使者が広間から去るのを見送ると、タルキウスは「ふぅ」と一息ついた。
「お疲れ様、タルキウス」
広間の脇に控えていた金髪の少年がそう声を掛けながらタルキウスに近付く。
彼の名はフェルディアス。タルキウスに仕えている奴隷であり、護衛を務める警士という立場にある。
白いトゥニカの上に紫色のマントを纏い、右手には数十本の木の棒に斧を皮の紐で束ねた束桿という物を手にしている。
その首には鎖を少し垂らした分厚い鋼鉄の首輪が嵌められ、両足は鉄枷で繋がれていた。どちらもエルトリア国王保有奴隷の証である。
「まったく。どこも大変なのは分かるけど、どいつもこいつも勝手だよな。金は出さないけど助けてくれって。ただでさえ先王の時代より税を軽くしてやってるって言うのに」
タルキウスは国内の民衆や諸勢力の支持を得るために、大胆な減税政策を実施していた。
それでもエルトリアの財政が安定しているのは、タルキウスの卓越した行政手腕と数々の征服事業で得た莫大な富があればこそ。
「それでも彼等の望みを叶えて、面倒事は全て自分で抱えちゃうんだから、タルキウスは本当にお人好しだよね」
善意から言ったフェルディアスであったが、それを聞いたタルキウスはおちょくられたような気がして軽く頬を膨らませる。
「……これも、王としての器を示す機会になるからな。臣下に恵みをもたらすのが王の務めだ」
「やっぱりタルキウスはすごいよ。僕にはとても真似できない」
褒められたと思ったタルキウスは、先ほどまでの膨らんだ頬を萎ませて得意気な顔をする。
「そ、そんな大した事ないよ!……と、それはそうと、次はティベリス川の氾濫で被害を受けた神聖総合病院の視察だったな」
「うん。そうだよ。リウィアさんが表に輿を用意しているはずだから、早速行こうか」
「ああ。でも、その書類だけ確認しておきたいから、先に外で待っててくれ」
「……う、うん。でも大丈夫かい? タルキウス、ずっと仕事積めでろくに休んでないでしょ」
「え? そ、そうだっけ?」
「そうだよ。僕じゃ頼りないかもしれないけど、僕にできる事なら何でもするから無理はしないでよ」
タルキウスは一度仕事に集中し出すと止まらなくなる所がある事をフェルディアスはよく知っていた。
タルキウスとフェルディアスは単に主人と奴隷という立場に留まらず、友人のように接していた。フェルディアスは友人としてタルキウスを心から心配していたのだ。

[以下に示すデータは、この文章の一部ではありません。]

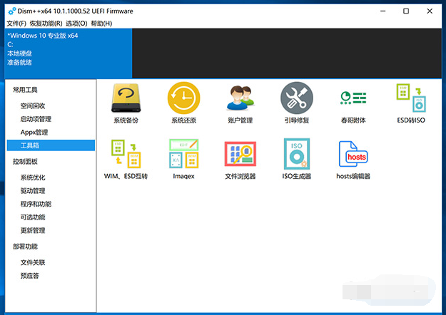 Dism++ 功能丰富强大,同时又小巧实用。集成了系统优化、垃圾清理、启动项管理、软件卸载、文件关联管理、驱动管理、系统更新管理、系统修复维护等许多 Windows 相关功能。也额外提供了诸如系统备份还原、引导修复、ESD镜像转ISO格式、ISO 生成器、系统激活备份、hosts 编辑器、文件浏览器等实用小工具。
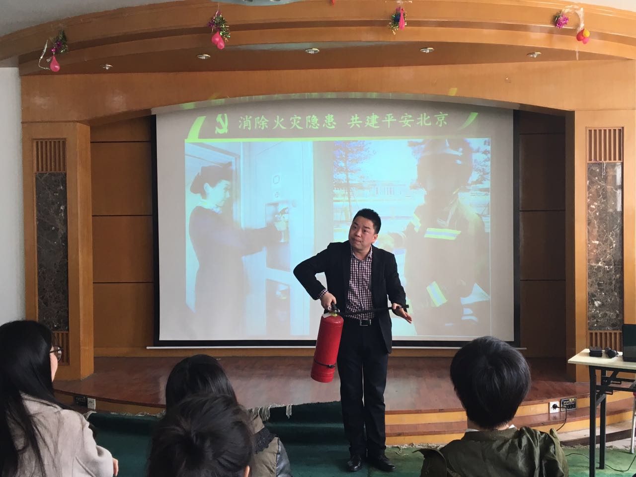 乔有才教官引用了大量生活中的真实事例,深入剖析了引发火灾的原因,详细讲解了火灾初期的灭火措施、火灾的扑救程序和火灾现场的自救方法,结合校园情况重点介绍了日常容易导致火灾的隐患和预防措施。他指出,电器使用是引发火灾的一大因素,包括电线老化、违规使用电器、电器超期服役、电源靠近易燃材料等。乔有才教官以触目惊心的人员伤亡数据和血淋淋的事实给大家敲响了安全警钟。乔有才教官还讲解了干粉灭火器、二氧化碳灭火器和水基灭火器的区别,现场展示了灭火器和防火逃生面具的使用方法。本次讲座通过大量事例和现场演示,给全院师生上了一堂实实在在、生动鲜活的消防知识教育课,切实提高了大家的消防安全意识。
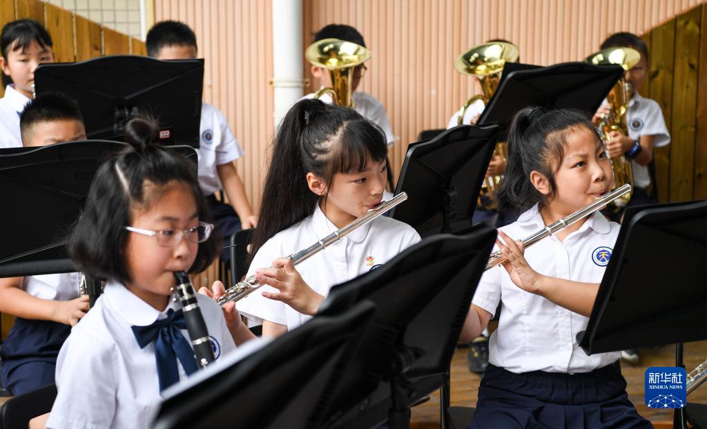 8月30日,重慶市南岸區天臺崗雅居樂小學管樂團成員為前來報到的學生和家長演奏樂曲。
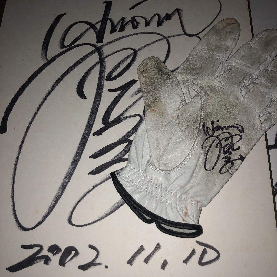 LPGA会長小林浩美さんの直筆サイン色紙、トーナメント実使用サイン入りグローブ。
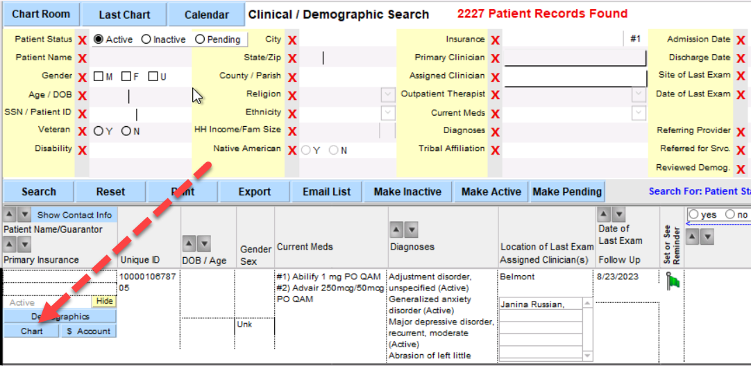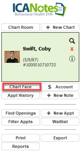 Locating a Patient Chart in ICANotes
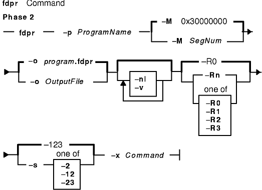 fdpr -p Program [-M Segnum ] [-o OutputFile ] [-nI ] [[-Rn ]|[-R0 |-R1 |-R2 |-R3 ]] [-v ] [-s [-2 |-12|-23] -x Command
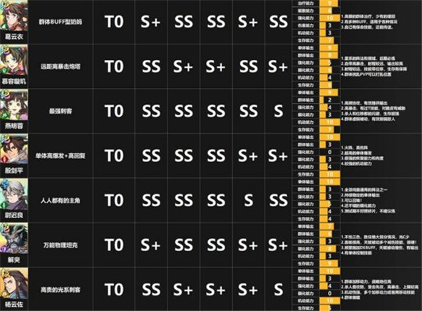 5、雅布斯,可能会有人奇怪为什么当一张R卡。雅布斯作为工具人这次非常好用。天赋被动加全队暴击,主动范围技能上暴击易伤,大招可以搅乱敌人阵容。何况自身暴击也还凑合。拉满暴击就靠他了。剩下封妈黑龙没什么好多说。再动奶,T。黑龙可以考虑换阴歙,反正保护自己的这些脆皮输出就行。
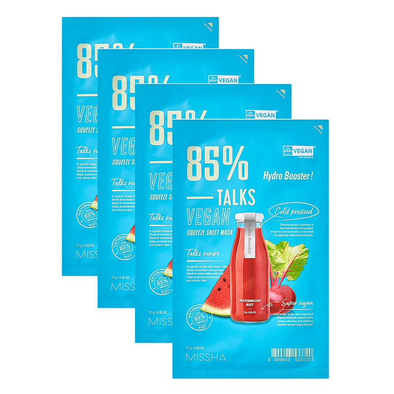 Po zastosowaniu maski Talks Vegan Squeeze Sheet Mask Hydro Booster skóra pozostaje natychmiastowo nawilżona, a uczucie ściągnięcia zredukowane.

「ああ。ありがとう、フェル。フェルがいてくれて、いつも本当に助かってるよ」
タルキウスの言葉を聞いてフェルディアスは素直に嬉しそうにする。
「じゃあ僕は先に外で出発の用意をしておくから、タルキウスもすぐに来てね」
「おう!」
フェルディアスが退出して、一人きりになったタルキウスは黙々と書類を読んでいく。
そして書類を読み終わると、玉座のすぐ横にある木製のテーブルの上に置いて、両腕を上にグーッと伸ばす。
「は~。何だか急に眠くなってきたな。やっぱり疲れてるのかな……」
押し寄せてきた睡魔によって瞼が重くなり、目の焦点が合わなくなる。
「……仕方がない。五分……五分だけ、ちょっと……休憩、しよう……」
頬杖を突いたタルキウスの瞼が閉じ、そのまま夢の中へと旅立ってしまうのに一分も掛からなかった。
タルキウスが眠りについた直後だった。
雲海の間のほぼ中央に突如、純白の魔法陣が浮かび上がる。
その魔法陣からホイッとビックリ箱から飛び出すような感じでパンドラが姿を現した。
「ヤッホー! タルキウス、遊びに来たわよ!!」
広間に現れたパンドラはタルキウスの姿を視界に捉えると、ふわふわと浮かぶ風船のように宙を浮きながらタルキウスの方へと近付いていく。
「ってあれ? タルキウス、寝てるの? まったく、まだ真っ昼間だってのに。お昼寝をするなんてやっぱりお子ちゃまねぇ。……あッ! そうだわ! 良いこと思い付いちゃったわ!」
パンドラはニシシッと悪戯っ子のような笑みを浮かべる。